Rabi Schneur Zalman sentou-se com a cabeça apoiada nos braços, num profundo estado de conexão com D’us através da meditação. A seu modo, ouvira as súplicas lastimosas do chassid. Após longo tempo, Rabi Schneur Zalman levantou a cabeça e disse com profundo sentimento: "Você fala sobre tudo que você necessita. Porém, nada diz sobre aquilo para o qual você é necessário…"

As palavras de Rabi Schneur Zalman calaram fundo no coração do chassid, que caiu, desmaiado, aos pés do interlocutor. O ajudante do Rebe, Reb Zalman, que estava à porta, convocou dois chassidim da sala ao lado. Juntos carregaram o chassid para fora da sala do Rebe, jogaram-lhe água no rosto, e finalmente conseguiram reanimá-lo.

Quando o chassid abriu os olhos, não comentou nada. Simplesmente aplicou-se ao estudo de Torá e às preces, com energia renovada, e com tal devoção e diligência que esqueceu-se de tudo o mais. Embora não falasse com ninguém e jejuasse todos os dias, vivia num estado de perpétua alegria.

No segundo Shabat da estadia do chassid, o Rebe falou sobre o assunto de tohu e tikun. Tohu (caos), é um estágio anterior à ordem da criação, no qual o fluxo do envolvimento e da presença de D’us era tão intenso que a realidade criada foi incapaz de recebê-la e aceitá-la. As definições de existência simplesmente desapareceram perante esta dose avassaladora de Divindade. Na terminologia da cabalá, era uma existência de "muita luz e receptáculos insuficientes."

Então D’us criou nossa existiencia atual, o mundo de tikun (correção). Aqui, ocorre o oposto – vivemos num mundo de "grandes receptáculos e pouca luz." Nosso mundo é na verdade um receptáculo que contém sua própria luz perante a luz Divina. É um mundo que define, limita e filtra as emanações infinitas de seu Criador. Mas como resultado disso, nosso mundo é escuro, um mundo que oculta, vela e distorce a realidade de D’us.

O propósito da vida, disse Rabi Schneur Zalman, é aproximar o melhor dos dois mundos – encher os grandes receptáculos de tikun com a imensa luz de tohu. Consegue-se isso servindo o Todo Poderoso através do envolvimento da pessoa com o mundo.
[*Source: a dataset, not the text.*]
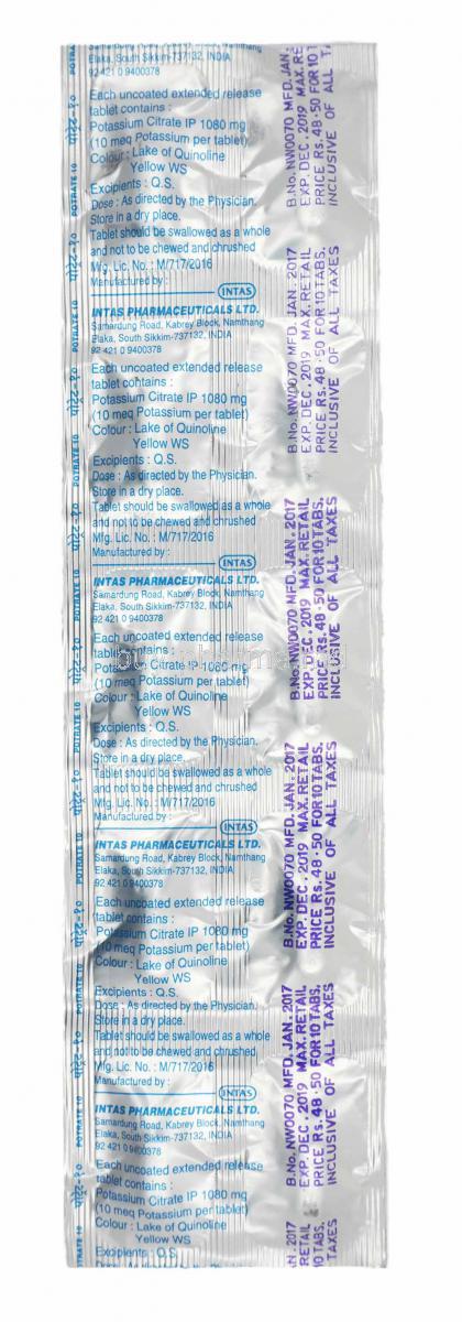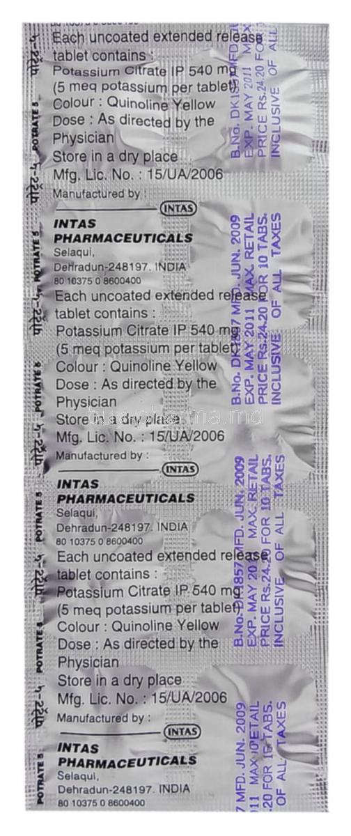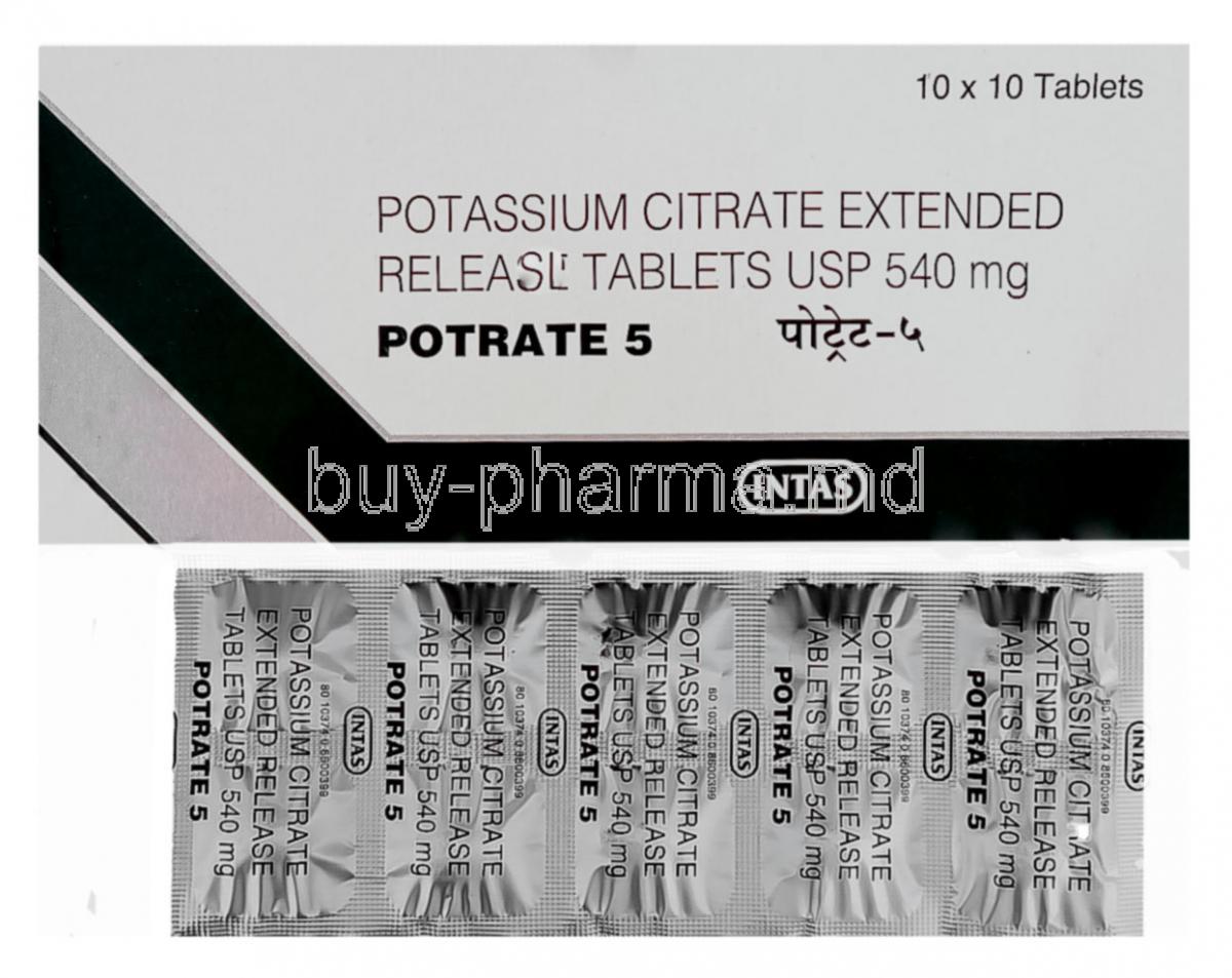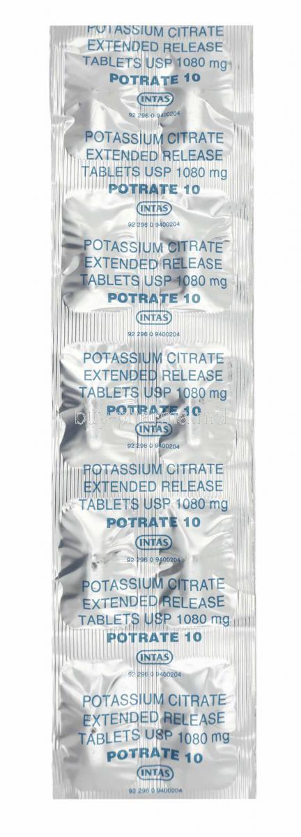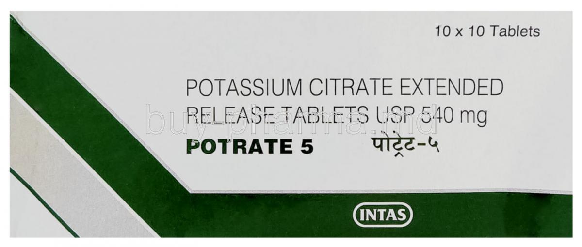 Potrate, Potassium Citrate ER is used as a dietary supplement, works to keep organs health and prevents diseases. Potrate, Potassium Citrate ER is also used to decrease uric acid in the body by increasing citrate and potassium levels in the bdoy.

Nas palavras do profeta Yeshayáhu: "Ele não criou o mundo para o caos, Ele formou-o para conciliar."

Na segunda-feira que se seguiu, Rabi Schneur Zalman chamou o outrora abastado chassid, abençoou-o com sucesso, dizendo-lhe para voltar ao lar e aos negócios. Com o tempo, o chassid reconquistou sua fortuna, honrou suas dívidas e promessas, casou as filhas e voltou à sua filantropia, de forma ainda mais generosa que a anterior.